FastBS4
soup
Web Scraper in Go, similar to BeautifulSoup
soup is a small web scraper package for Go, with its interface highly similar to that of BeautifulSoup.
Exported variables and functions implemented till now :
var Headers map[string]string // Set headers as a map of key-value pairs, an alternative to calling Header() individually 将 headers 设置为键值对的映射,这是单独调用 Header() 的替代方法
var Cookies map[string]string // Set cookies as a map of key-value pairs, an alternative to calling Cookie() individually 将 cookie 设置为键值对的映射,这是单独调用 Cookie() 的替代方法
func Get(string) (string,error) {} // Takes the url as an argument, returns HTML string 将 url 作为参数,返回 HTML 字符串
func GetWithClient(string, *http.Client) {} // Takes the url and a custom HTTP client as arguments, returns HTML string 将 url 和自定义 HTTP 客户端作为参数,返回 HTML 字符串
func Post(string, string, interface{}) (string, error) {} // Takes the url, bodyType, and payload as an argument, returns HTML string 将 url、bodyType 和 Payload 作为参数,返回 HTML 字符串
func PostForm(string, url.Values) {} // Takes the url and body. bodyType is set to "application/x-www-form-urlencoded" 获取 url 和正文。 bodyType 设置为“application/x-www-form-urlencoded”

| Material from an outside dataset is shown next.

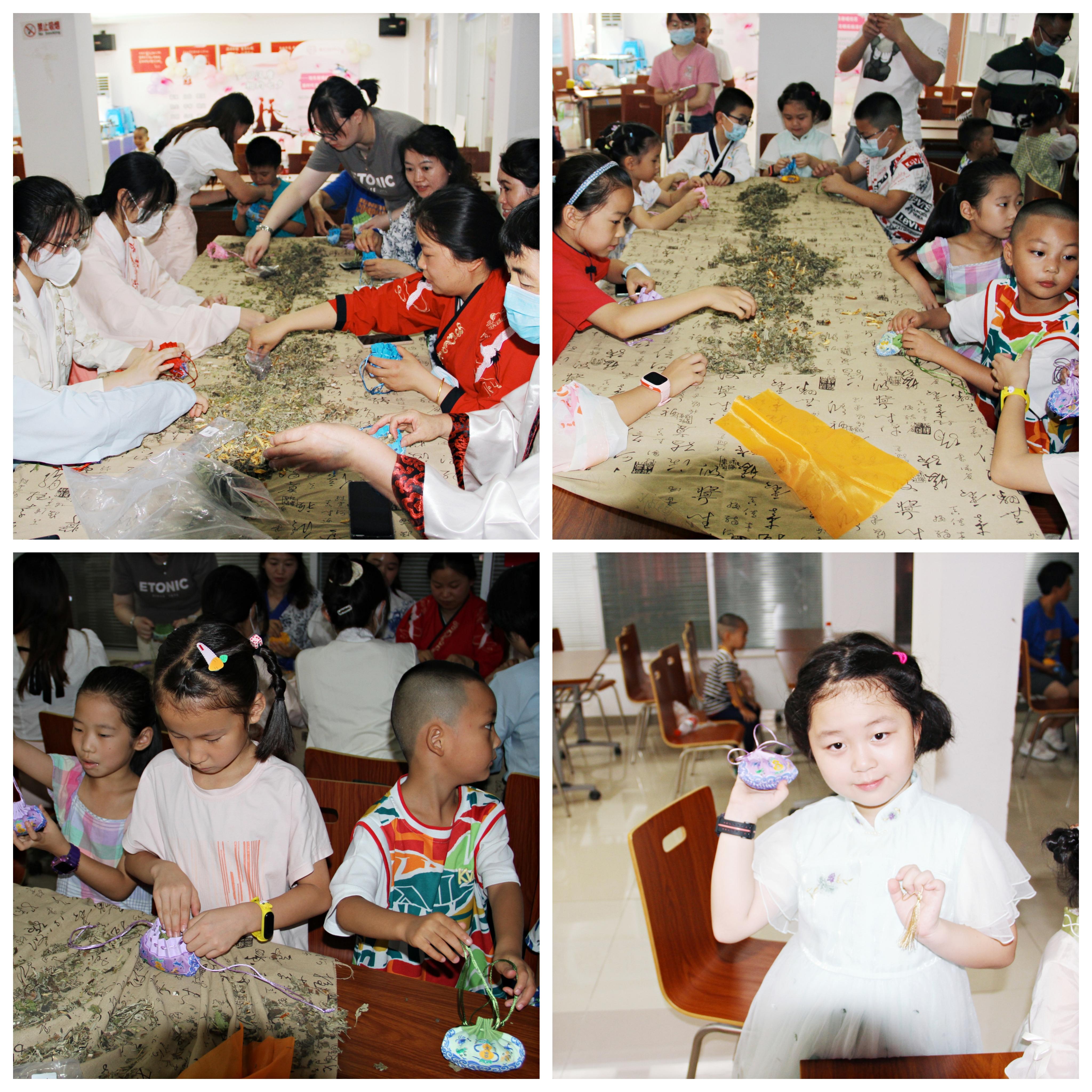 中药材制作的香囊具有驱蚊,祈福避祸的功效。在手工制作区,志愿者首先为大家简单讲解了七夕节的由来、习俗,让大家在活动中了解到“七夕”这一传统节日的相关知识。在了解七夕的渊源后,志愿者们为大家分发了做香包的材料。虽然是第一次做香包,但是大家都很热情好学,在志愿者的耐心指导下,大家很快完成了。孩子们拿着自己的“精美作品”炫耀的说到:“这里面有12味中药材味道很好闻,又好看,关键还能驱蚊哦!”孩子们简直爱不释手。

func Header(string, string) {} // Takes key,value pair to set as headers for the HTTP request made in Get() 将键值对设置为 Get() 中发出的 HTTP 请求的标头
func Cookie(string, string) {} // Takes key, value pair to set as cookies to be sent with the HTTP request in Get() 在 Get() 中将键、值对设置为与 HTTP 请求一起发送的 cookie
func HTMLParse(string) Root {} // Takes the HTML string as an argument, returns a pointer to the DOM constructed 将 HTML 字符串作为参数,返回指向构造的 DOM 的指针
func Find([]string) Root {} // Element tag,(attribute key-value pair) as argument, pointer to first occurence returned 元素标签,(属性键值对)作为参数,返回指向第一次出现的指针
func FindAll([]string) []Root {} // Same as Find(), but pointers to all occurrences returned 与 Find() 相同,但返回指向所有出现次数的指针
func FindStrict([]string) Root {} // Element tag,(attribute key-value pair) as argument, pointer to first occurence returned with exact matching values 元素标签,(属性键值对)作为参数,指向第一次出现的指针,返回精确匹配的值
func FindAllStrict([]string) []Root {} // Same as FindStrict(), but pointers to all occurrences returned 与 FindStrict() 相同,但返回指向所有出现次数的指针
func FindNextSibling() Root {} // Pointer to the next sibling of the Element in the DOM returned 指向 DOM 中返回的元素的下一个同级的指针
func FindNextElementSibling() Root {} // Pointer to the next element sibling of the Element in the DOM returned 指向返回的 DOM 中 Element 的下一个同级元素的指针
func FindPrevSibling() Root {} // Pointer to the previous sibling of the Element in the DOM returned 指向 DOM 中返回的元素的前一个同级的指针
func FindPrevElementSibling() Root {} // Pointer to the previous element sibling of the Element in the DOM returned 指向 DOM 中返回的 Element 的上一个同级元素的指针
func Children() []Root {} // Find all direct children of this DOM element 查找此 DOM 元素的所有直接子元素
func Attrs() map[string]string {} // Map returned with all the attributes of the Element as lookup to their respective values 返回的映射包含元素的所有属性,作为对其各自值的查找
func Text() string {} // Full text inside a non-nested tag returned, first half returned in a nested one 返回非嵌套标签内的全文,前半部分在嵌套标签中返回
func FullText() string {} // Full text inside a nested/non-nested tag returned 返回嵌套/非嵌套标签内的全文
func SetDebug(bool) {} // Sets the debug mode to true or false; false by default 将调试模式设置为 true 或 false;默认为 false
func HTML() {} // HTML returns the HTML code for the specific element //HTML 返回特定元素的 HTML 代码
Root
is a struct, containing three fields :
Pointer
containing the pointer to the current html node
NodeValue
containing the current html node's value, i.e. the tag name for an ElementNode, or the text in case of a TextNode
Error
containing an error in a struct if one occurrs, else nil
is returned.
A detailed text explaination of the error can be accessed using the Error()
function. A field Type
in this struct of type ErrorType
will denote the kind of error that took place, which will consist of either of the following
ErrUnableToParse
ErrElementNotFound
ErrNoNextSibling
ErrNoPreviousSibling
ErrNoNextElementSibling
ErrNoPreviousElementSibling
ErrCreatingGetRequest
ErrInGetRequest
ErrReadingResponse
Installation
Install the package using the command
go get github.com/anaskhan96/soup
Example
An example code is given below to scrape the "Comics I Enjoy" part (text and its links) from xkcd.
More Examples
package main
import (
"fmt"
"github.com/anaskhan96/soup"
"os"
)
func main() {
resp, err := soup.Get("https://xkcd.com")
if err != nil {
os.Exit(1)
}
doc := soup.HTMLParse(resp)
links := doc.Find("div", "id", "comicLinks").FindAll("a")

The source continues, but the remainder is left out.